Namun begitulah bumi ini Allah desain, ia terus berputar tak henti-henti apalagi capek, sehingga apa? Sehingga waktu juga terus berubah dan tak berhenti-henti. Waktu yang jika dihitung-hitung terkiralah lamanya sudah sejak kepergian ayah Malin. Sehingga didapatilah diri ibunda Malin yang berusaha menempatkan diri pada posisi sabar dan pasrah yang tiada bertepi. Begitu lemah hati, begitu rapuh hidup, begitu tak terduga apa-apa yang terjadi di bumi ini. Ayah Malin tak pernah kembali. Hilang di telan birunya laut yang dari jauh terlihat sangat indah itu. Dan itu lihatlah, hampir saban sore di saat matahari ingin bersembunyi akibat malu sama malam yang ingin datang, ibunda Malin hanya menatap nanar ke arah dermaga, ke arah laut yang biru tertindih warna kekuning-emasan matahari yang sedang malu-malu itu. Meski telah bertahun-tahun suaminya tak kembali namun ia masih saja berharap rindu berbentuk doa kepada Rabb-nya. Rasanya pedih sekali, namun ia berusaha agarlah tegar bahwa percaya ada hikmah dibalik takdir yang Allah beri kepadanya. Oh.

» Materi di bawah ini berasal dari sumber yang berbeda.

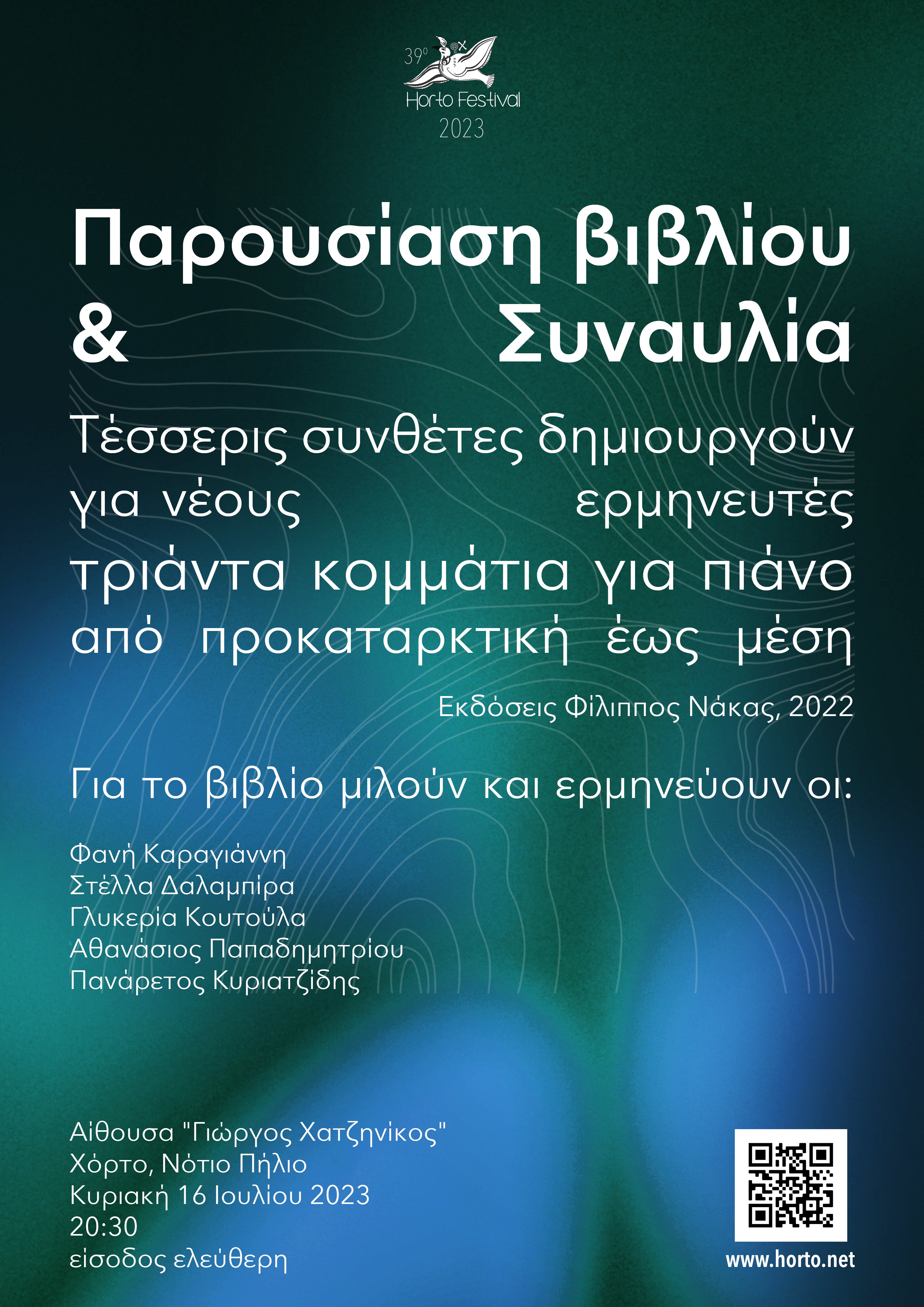 Το Χορωδιακό Ατελιέ για νέους διευθυντές χορωδιών με την καθοδήγηση της καθηγήτριας του Τμήματος Μουσικής του Πανεπιστημίου Μακεδονίας Μαρίας-Έμμας Μελιγκοπούλου θα καταφθάσει στην πιο γόνιμη περίοδο του καλοκαιρινού προγράμματος 19-24 Αυγούστου. Μαζί με την τελική συναυλία του εργαστηρίου στις 24 Αυγούστου, όπου χορωδοί πλάι στους μαέστρους θα παρουσιάσουν έργα του χορωδιακού ρεπερτορίου ανά τους αιώνας στο υπαίθριο θέατρο, στις 23 Αυγούστου το κοινό θα έχει την ευκαιρία να απολαύσει τις μουσικές καταθέσεις και προσωπικές αφηγήσεις των μαθητών του Γιώργου Χατζηνίκου σε ένα συλλογικό ρεσιτάλ στην αίθουσα όπου ο ίδιος δίδασκε στα θερινά σεμινάρια. Ενώ θα ακολουθήσει στις 30 Αυγούστου ένα ακόμα ξεχωριστό ρεσιτάλ για κλαρινέτο και πιάνο από δύο Λαρισαίους καλλιτέχνες που έχουν από πολύ νέοι βρεθεί στα σεμινάρια του δασκάλου στο Χόρτο. Ο Στέλιος Κοτρώτσιος, κλαρινέτο και η Ιωάννα Σιοπούδη, πιάνο επιλέγουν να παρουσιάσουν τις δύο σονάτες του Johannes Brahms.
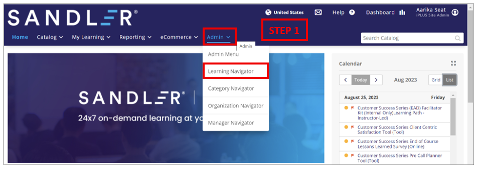 STEP 1: Click the Admin tab and select the Learning Navigator option from the menu displayed.
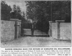 kidnappings of which that of William F. Gettle, millionaire Beverly
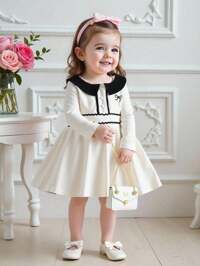 SHEIN Baby Girls' Sporty Chic Elegant Casual Dress, Black Contrast Polo Collar Bow Embroidery Decor Long Sleeve Beige Dress, Suitable For School, Vacation, Photoshoot, Spring/Summer/Autumn/Winter, New Arrival Fall

Ibunda Malin-lah yang itu, lihatlah, menggantikan posisi ayah Malin. Maksud saya bukan ibunya Malin menjadi lelaki seperti ayah Malin, tetapi maknanya yaitu ia menggantikan suaminya dalam mencari nafkah. Ibunya berbanting tulang memeras keringat. Malam dan pagi hari ia tetap mendampingi Malin belajar dan juga menyemangati Malin agar rajin-rajin. Ia saban hari menyemangati Malin meski ia sendiri tak bersemangat lagi. Sebelum tidur pun ia sempatkan berbagi cerita dengan Malin dan mengecup kening Malin yang hobi ngompol itu. Meski tanpa ayah ia berharap Malin terpenuhi haknya akan agama, pendidikan, kasih sayang dan ekonominya. Oh ibunda Malin memang tak sembarang orang.

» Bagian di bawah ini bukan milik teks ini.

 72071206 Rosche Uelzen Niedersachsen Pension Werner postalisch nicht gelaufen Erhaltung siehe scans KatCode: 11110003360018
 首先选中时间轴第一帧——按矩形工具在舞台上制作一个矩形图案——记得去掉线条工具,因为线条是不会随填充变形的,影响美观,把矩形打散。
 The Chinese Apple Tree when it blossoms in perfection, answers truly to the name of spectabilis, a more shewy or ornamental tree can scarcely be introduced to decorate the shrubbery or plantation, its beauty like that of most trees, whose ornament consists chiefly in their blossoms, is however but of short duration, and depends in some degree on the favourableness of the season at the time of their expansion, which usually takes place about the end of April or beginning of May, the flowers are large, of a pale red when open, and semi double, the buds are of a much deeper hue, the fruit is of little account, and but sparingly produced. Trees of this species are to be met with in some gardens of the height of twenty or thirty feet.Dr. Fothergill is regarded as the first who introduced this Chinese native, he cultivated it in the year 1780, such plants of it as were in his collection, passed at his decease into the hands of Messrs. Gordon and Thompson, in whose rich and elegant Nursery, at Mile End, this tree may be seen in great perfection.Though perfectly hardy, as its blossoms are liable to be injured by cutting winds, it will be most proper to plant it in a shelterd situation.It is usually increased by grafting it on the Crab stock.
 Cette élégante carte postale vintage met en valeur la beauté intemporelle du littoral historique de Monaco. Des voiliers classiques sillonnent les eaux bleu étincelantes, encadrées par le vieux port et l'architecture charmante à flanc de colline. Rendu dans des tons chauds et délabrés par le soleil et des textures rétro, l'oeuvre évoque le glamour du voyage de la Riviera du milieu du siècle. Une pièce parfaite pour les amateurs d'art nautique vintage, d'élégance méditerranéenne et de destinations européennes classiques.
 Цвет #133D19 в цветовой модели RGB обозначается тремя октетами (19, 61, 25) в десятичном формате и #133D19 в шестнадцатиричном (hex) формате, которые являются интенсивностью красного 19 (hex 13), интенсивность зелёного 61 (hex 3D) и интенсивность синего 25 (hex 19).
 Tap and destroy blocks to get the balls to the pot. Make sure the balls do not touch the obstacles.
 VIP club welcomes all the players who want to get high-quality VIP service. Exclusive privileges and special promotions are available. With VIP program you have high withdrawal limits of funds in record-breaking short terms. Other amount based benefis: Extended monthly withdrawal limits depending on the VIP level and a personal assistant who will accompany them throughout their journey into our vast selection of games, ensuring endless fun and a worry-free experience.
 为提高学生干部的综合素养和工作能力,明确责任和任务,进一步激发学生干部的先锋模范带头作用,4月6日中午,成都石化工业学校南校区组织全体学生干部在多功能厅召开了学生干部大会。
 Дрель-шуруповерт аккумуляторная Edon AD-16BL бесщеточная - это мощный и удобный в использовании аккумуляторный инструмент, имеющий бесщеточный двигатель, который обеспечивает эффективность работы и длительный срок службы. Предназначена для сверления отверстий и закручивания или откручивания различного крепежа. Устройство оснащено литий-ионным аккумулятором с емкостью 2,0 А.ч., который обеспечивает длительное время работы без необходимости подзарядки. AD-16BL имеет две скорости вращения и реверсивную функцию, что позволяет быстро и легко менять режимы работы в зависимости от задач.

Namun lagi-lagi begitulah bumi ini Allah bikin, ia terus berputar tak henti-henti apalagi capek mengeluh. Sehingga apa? Sehingga waktu juga terus berubah dan tak berhenti-henti. Waktu yang jika mau dihitung-hitung maka terkiralah lama sekali, sehingga Malin telah menjadi baliq dan mulai memahami mengapa kerut di wajah ibunya semakin banyak. Mengapa telapak tangan ibundanya mengeras seolah bagai telapak tangan nelayan penarik kapal. Sehingga ia mulai mendapat titik terang mengapa lingkaran di sekitar bola mata ibundanya mulai mencekung dan hitam. Sehingga ia berusaha mencoba membuka memori otaknya untuk mencari kapankah terakhir kali ibunya tertawa bahagia, dan ia tak menemukan data tentang kapan ia melihat ibunya tertawa bahagia sejak kepergian ayahnya yang sangat dahulu itu. Sehingga ia sadarlah sudah bahwa air matanya adalah air yang saat ini tiada ia bisa bendung-bendung setelah shalat dhuhanya yang sendiri. Bahwa ia kini tergolonglah kedalam golongan yang merasa begitu sayang dan iba pada ibunya itu.

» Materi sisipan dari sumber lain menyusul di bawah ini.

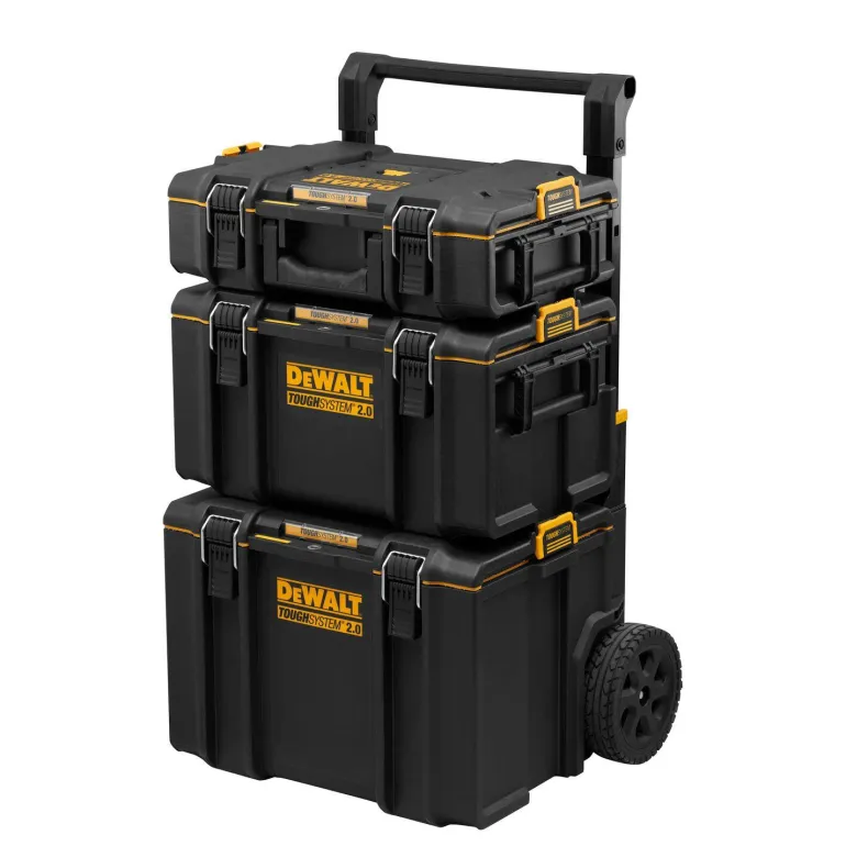 ToughSystem 2.0 -kuljetusvaunu irrotettavalla kahvalla helpottaa laatikoiden säilytystä, mikä mahdollistaa käytön lava-autoissa. Kannen tiivistys varmistaa, että laatikot ovat pölytiiviitä ja vesisuihkunkestäviä (IP65) ja kestävät kovia sääolosuhteita.
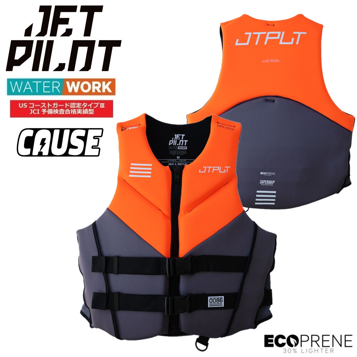 ジェットパイロット JETPILOT 2026 ライフジャケット JCI認定 送料無料 コーズ CGA ネオ ベスト JA25148CGA チャコール/オレンジ M
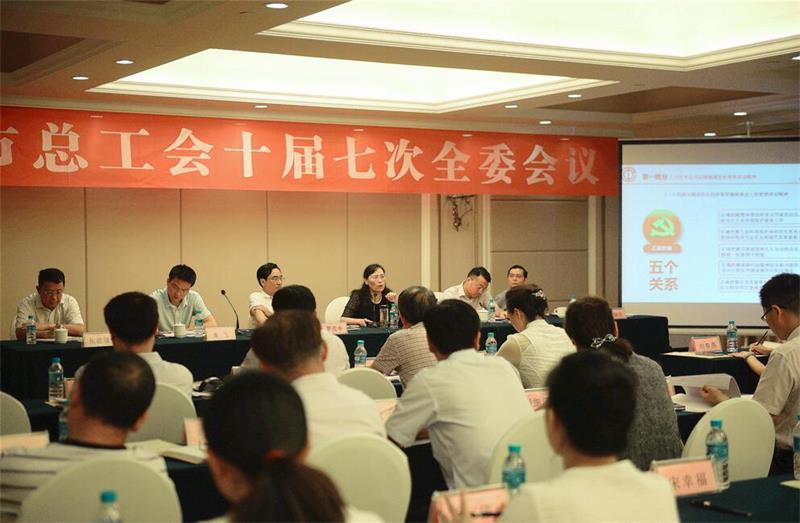 6月28日上午,黄石市总工会十届七次全委会在磁湖山庄召开。市委常委、市总工会主席钟丽萍参加会议,并在会上讲授党课。
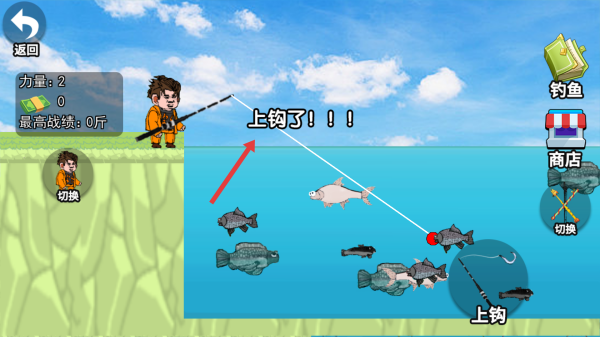3、当鱼上钩后,按箭头指示点击“上钩”按钮,钓起鱼。
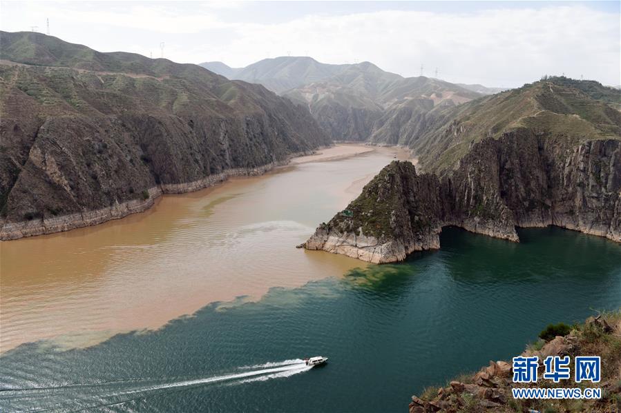 6月2日,在甘肅省臨夏回族自治州永靖縣劉家峽水庫(kù),一艘快艇在洮河和黃河的匯合水域行駛。
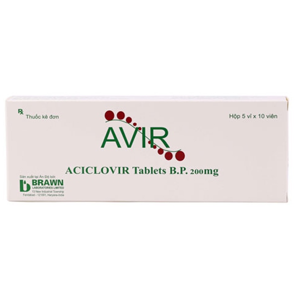 Avir (Acyclovir 200mg hộp 5 vỉ x 10 viên) Brawn (Ấn độ) – Hộp
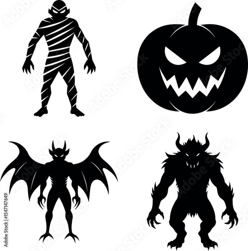 Fototapeta premium Scary Halloween Monsters Silhouette Vector Pack

Maka Malin adalah dia yang memutuskan akan merantau katanya. Ia tidak mau disini terus membebani ibundanya terus. Ia akan berlayar seolah-olah seperti pelaut, padahal bukan. Ia mau mencoba menjemput rejeki di bagian bumi Allah yang lain.

Jelas-lah sekali ibundanya tidak setuju mengingat kepergian kekasihnya dahulu yang tiada kembali. Namun Malin membicarakannya dengan lembut, perlahan dan baik-baik kepada ibunya itu, yang sedang lagi-lagi melihat laut dari sudut jendela rumah mereka, seolah ada yang sedang ia ingat. Ia meyakinkan ibundanya bahwa Insya Allah ia akan kembali.

Namun begitulah perangai seorang ibu asal kau tahu. Ia selalu merasa bahwa tak apa ia yang bersedih asalkan anaknya yang berbahagia dengan pilihan hidupnya. Terkadang ia melarang dan tak suka bukan karena kiranya benci, namun justru ia-lah yang paling merasakan kekuatiran yang besar akan apa yang terjadi pada anaknya. Ibundanya akhirnya dengan rela mengijinkan Malin merantau untuk melanjutkan hidup. Ia iringi kepergian Malin dengan doa yang begitu baik kepada Allah penguasa semesta ini. Sungguh ia sadar bahwa ia tidak bisa berbuat apa-apa, sungguh Allah-lah pengatur seluruh kehidupan, tak ada yang lain.

------------------------------------------------

Malin Kundang ikut dan menumpang pada kapal para saudagar-saudagar dari berbagai negeri di sepanjang pulau sumatera. Dan juga ia banyak bertanya ini itu tentang suatu negeri, tentang ilmu dagang dan juga tentang ilmu pelayaran.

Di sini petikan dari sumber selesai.